China unveils five year climate goals

China’s latest Five-Year Program will include plans to create a carbon market that is likely to emerge as the world’s largest emissions trading scheme.

In a statement released after Friday’s Chinese national leadership team meeting on combating climate change, the government announced that it will include targets to curb carbon dioxide emissions and energy consumption in its new plan, which will run from 2011 to 2015.

According to reports from Chinese news agency Xinhua, the government confirmed it would stand by targets announced at last year’s Copenhagen Climate Summit to cut the country’s carbon intensity by 40 to 45 per cent by 2020 compared with 2005 levels.

It also pledged to make “progressive efforts” to establish a carbon market, work towards improving energy efficiency, and further develop low-carbon technology.

“China, as a responsible country, always supports jointly coping with the challenges of climate change through solid and effective international cooperation,” the statement read.
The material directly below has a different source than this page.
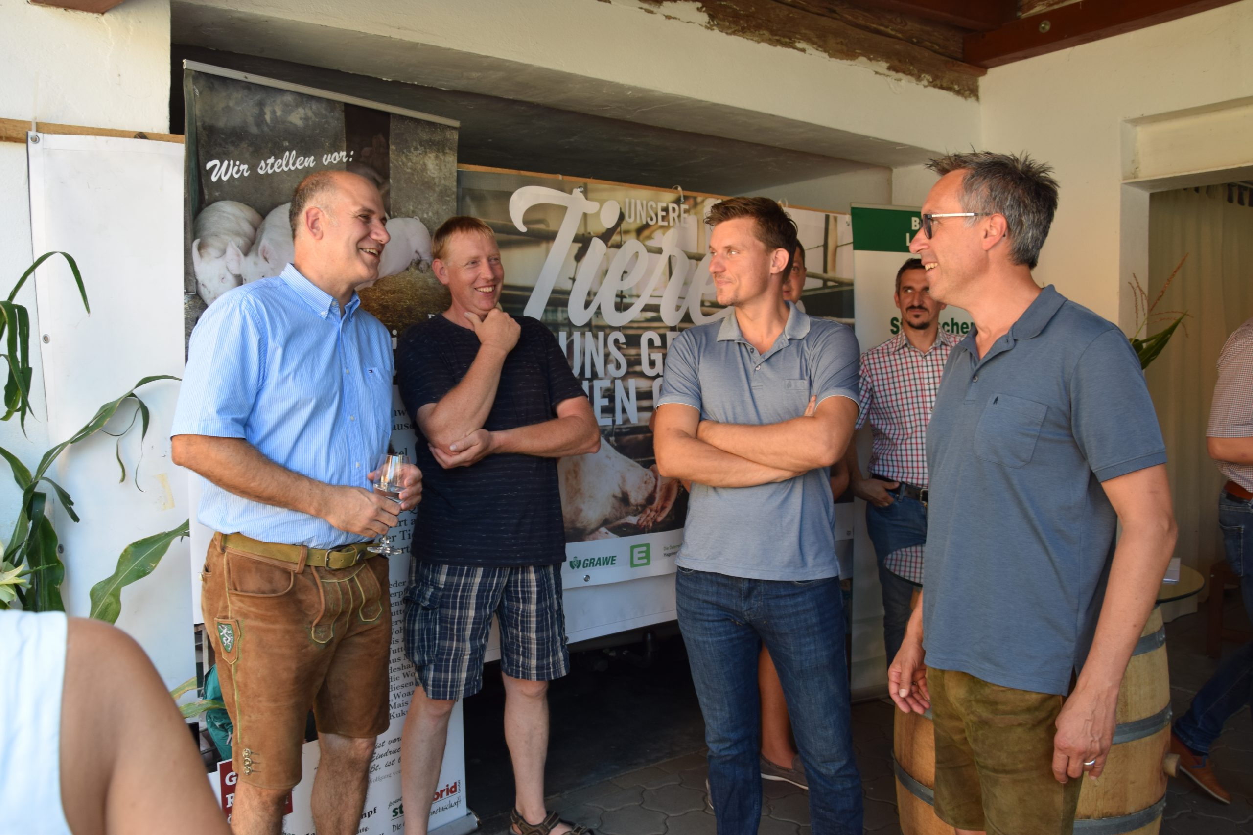 Am Schweinebetrieb von Martha und Helmut Rumpf in St. Georgen an der Stiefing waren die rund 30 anwesenden Bäuerinnen und Bauern besonders an den Veränderungen der Standards beim AMA-Gütesiegel interessiert. Seit Monaten arbeiten Vertreter der Schweinebranche, die Agrarmarketing Austria (AMA) sowie der Bauernbund intensiv an der Weiterentwicklung des AMA-Gütesiegels in Richtung mehr Tierwohl. Kürzlich ist im AMA-Fachgremium ein richtungsweisender Beschluss gelungen. „Mit dieser Entwicklung wollen die heimischen Schweinebäuerinnen und –bauern den Wünschen der Gesellschaft Rechnung tragen. Die Konsumentinnen und Konsumenten könnten jetzt schon auf ausreichend Fleisch aus GVO-freier Fütterung zugreifen. Wichtig ist, dass diese Veränderung jetzt auch von Lebensmitteleinzelhändlern, Verarbeitern sowie der Gastronomie mitgetragen wird. Jeder Tag ist somit eine Volksabstimmung vorm Regal“, so Strasser.

It also contained pledges to strengthen the implementation of the UN Framework Convention on Climate Change (UNFCCC) and the Kyoto Protocol.
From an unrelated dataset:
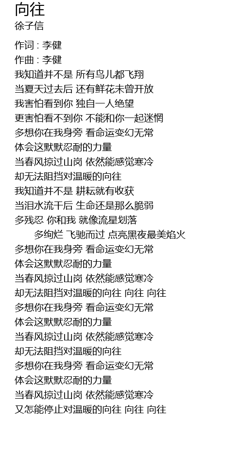| 又怎能停止对温暖的向往 向往 向往 |

Over the past few years China has been progressively stepping-up its environmental efforts, rapidly developing its renewable energy sector and promising to cut its carbon levels.

The country has also moved closer to the US and UK by agreeing trade and technology partnerships, while just last week Vice Premier Li Keqiang vowed that the country would embrace low-carbon development and improve efforts to better use natural resources and protecting the environment.

The statement comes days before the start of the Cancun climate change summit and is likely to be welcomed by diplomats as evidence of China’s commitment to deliver progress at the talks.

However, fears are also mounting that the stand off between China and the US over emissions targets could overshadow the two week talks.